Work required: The answer should be an exact repeat of the stretch of material below from the line containing "So since the" through the line containing "under CC BY 4.0".

Data records:
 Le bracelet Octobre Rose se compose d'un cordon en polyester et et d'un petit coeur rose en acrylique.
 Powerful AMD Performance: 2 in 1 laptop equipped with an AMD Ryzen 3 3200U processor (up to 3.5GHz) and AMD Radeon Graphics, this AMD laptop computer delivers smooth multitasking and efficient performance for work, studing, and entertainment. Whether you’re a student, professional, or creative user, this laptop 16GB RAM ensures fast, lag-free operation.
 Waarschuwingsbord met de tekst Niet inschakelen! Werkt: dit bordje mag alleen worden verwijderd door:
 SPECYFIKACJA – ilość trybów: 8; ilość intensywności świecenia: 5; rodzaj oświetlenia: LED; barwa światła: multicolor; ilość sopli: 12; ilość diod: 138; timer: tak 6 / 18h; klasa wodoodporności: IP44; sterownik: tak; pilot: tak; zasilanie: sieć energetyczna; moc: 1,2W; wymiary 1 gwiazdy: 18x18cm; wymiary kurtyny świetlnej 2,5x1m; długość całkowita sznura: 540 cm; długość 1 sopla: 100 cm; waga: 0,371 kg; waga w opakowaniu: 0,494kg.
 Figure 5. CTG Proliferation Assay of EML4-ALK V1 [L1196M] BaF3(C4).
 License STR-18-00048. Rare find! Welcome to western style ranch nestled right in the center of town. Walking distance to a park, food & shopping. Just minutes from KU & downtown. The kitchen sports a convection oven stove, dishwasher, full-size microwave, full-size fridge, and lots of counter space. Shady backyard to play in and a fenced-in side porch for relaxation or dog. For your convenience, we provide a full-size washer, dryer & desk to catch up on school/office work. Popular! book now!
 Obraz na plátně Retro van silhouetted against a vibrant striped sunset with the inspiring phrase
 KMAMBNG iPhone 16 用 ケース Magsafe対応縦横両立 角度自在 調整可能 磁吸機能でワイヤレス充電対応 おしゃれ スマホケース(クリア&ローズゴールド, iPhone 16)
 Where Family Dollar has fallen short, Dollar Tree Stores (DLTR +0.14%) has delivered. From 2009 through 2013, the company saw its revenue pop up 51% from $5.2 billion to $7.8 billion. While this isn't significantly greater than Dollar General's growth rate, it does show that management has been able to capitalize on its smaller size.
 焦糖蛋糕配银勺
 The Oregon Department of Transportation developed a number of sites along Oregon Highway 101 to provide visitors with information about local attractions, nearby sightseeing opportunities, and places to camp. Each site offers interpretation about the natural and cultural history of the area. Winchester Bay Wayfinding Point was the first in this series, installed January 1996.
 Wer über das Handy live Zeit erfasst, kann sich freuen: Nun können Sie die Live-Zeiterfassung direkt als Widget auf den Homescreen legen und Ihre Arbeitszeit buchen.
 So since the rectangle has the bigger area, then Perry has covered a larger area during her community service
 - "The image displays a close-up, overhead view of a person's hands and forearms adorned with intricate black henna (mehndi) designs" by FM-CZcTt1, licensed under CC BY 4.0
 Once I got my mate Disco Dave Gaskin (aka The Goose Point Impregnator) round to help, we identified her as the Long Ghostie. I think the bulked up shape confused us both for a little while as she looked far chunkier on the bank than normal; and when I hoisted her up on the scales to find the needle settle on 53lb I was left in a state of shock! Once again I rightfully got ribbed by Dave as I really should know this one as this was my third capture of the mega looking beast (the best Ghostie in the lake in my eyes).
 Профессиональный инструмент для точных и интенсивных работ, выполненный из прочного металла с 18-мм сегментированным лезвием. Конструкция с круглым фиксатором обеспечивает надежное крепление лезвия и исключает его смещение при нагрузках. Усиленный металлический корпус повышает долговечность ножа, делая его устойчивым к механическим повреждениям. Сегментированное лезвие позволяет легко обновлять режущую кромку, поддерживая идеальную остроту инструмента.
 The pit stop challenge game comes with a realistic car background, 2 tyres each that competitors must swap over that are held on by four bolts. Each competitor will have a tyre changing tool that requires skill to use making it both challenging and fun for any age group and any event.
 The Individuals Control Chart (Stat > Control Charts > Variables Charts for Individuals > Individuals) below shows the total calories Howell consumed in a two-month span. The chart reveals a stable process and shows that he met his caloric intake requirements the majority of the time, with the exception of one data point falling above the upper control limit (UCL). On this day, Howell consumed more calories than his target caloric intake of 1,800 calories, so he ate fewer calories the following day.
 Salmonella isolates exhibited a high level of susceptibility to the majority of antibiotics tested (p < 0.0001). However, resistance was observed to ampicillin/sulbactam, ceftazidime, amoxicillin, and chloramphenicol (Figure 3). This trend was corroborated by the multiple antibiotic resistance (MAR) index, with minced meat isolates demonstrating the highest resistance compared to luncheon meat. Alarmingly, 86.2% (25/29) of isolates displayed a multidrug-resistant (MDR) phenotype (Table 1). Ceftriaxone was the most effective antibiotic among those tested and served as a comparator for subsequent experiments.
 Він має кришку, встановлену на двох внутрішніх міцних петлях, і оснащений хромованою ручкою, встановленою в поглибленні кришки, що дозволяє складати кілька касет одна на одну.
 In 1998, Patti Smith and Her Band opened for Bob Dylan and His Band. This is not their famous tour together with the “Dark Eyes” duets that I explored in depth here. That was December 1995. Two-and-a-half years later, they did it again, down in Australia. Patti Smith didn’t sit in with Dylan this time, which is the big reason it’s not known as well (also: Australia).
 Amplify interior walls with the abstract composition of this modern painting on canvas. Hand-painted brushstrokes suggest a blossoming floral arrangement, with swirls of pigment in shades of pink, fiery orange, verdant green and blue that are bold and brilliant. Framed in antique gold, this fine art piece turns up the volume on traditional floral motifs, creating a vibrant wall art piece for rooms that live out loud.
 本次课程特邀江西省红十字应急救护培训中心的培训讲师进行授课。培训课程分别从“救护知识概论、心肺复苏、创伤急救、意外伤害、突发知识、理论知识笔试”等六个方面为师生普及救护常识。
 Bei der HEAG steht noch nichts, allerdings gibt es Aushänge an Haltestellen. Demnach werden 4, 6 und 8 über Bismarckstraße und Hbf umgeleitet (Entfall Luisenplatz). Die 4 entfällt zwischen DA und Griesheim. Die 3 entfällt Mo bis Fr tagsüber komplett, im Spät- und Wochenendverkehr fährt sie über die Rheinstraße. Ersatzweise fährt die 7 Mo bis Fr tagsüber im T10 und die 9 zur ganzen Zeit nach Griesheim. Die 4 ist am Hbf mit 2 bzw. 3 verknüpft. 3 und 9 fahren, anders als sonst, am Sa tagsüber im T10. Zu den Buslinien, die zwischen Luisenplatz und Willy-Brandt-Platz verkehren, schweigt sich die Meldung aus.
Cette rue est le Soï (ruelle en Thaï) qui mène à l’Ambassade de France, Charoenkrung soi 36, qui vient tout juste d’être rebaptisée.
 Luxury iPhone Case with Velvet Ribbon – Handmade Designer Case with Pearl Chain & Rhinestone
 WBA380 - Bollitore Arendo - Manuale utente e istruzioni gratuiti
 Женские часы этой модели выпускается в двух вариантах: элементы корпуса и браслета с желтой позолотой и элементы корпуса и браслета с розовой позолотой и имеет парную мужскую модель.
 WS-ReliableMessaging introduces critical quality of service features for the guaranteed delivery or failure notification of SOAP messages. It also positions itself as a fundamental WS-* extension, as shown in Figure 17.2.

Reply to the exercise:
 So since the rectangle has the bigger area, then Perry has covered a larger area during her community service
 - "The image displays a close-up, overhead view of a person's hands and forearms adorned with intricate black henna (mehndi) designs" by FM-CZcTt1, licensed under CC BY 4.0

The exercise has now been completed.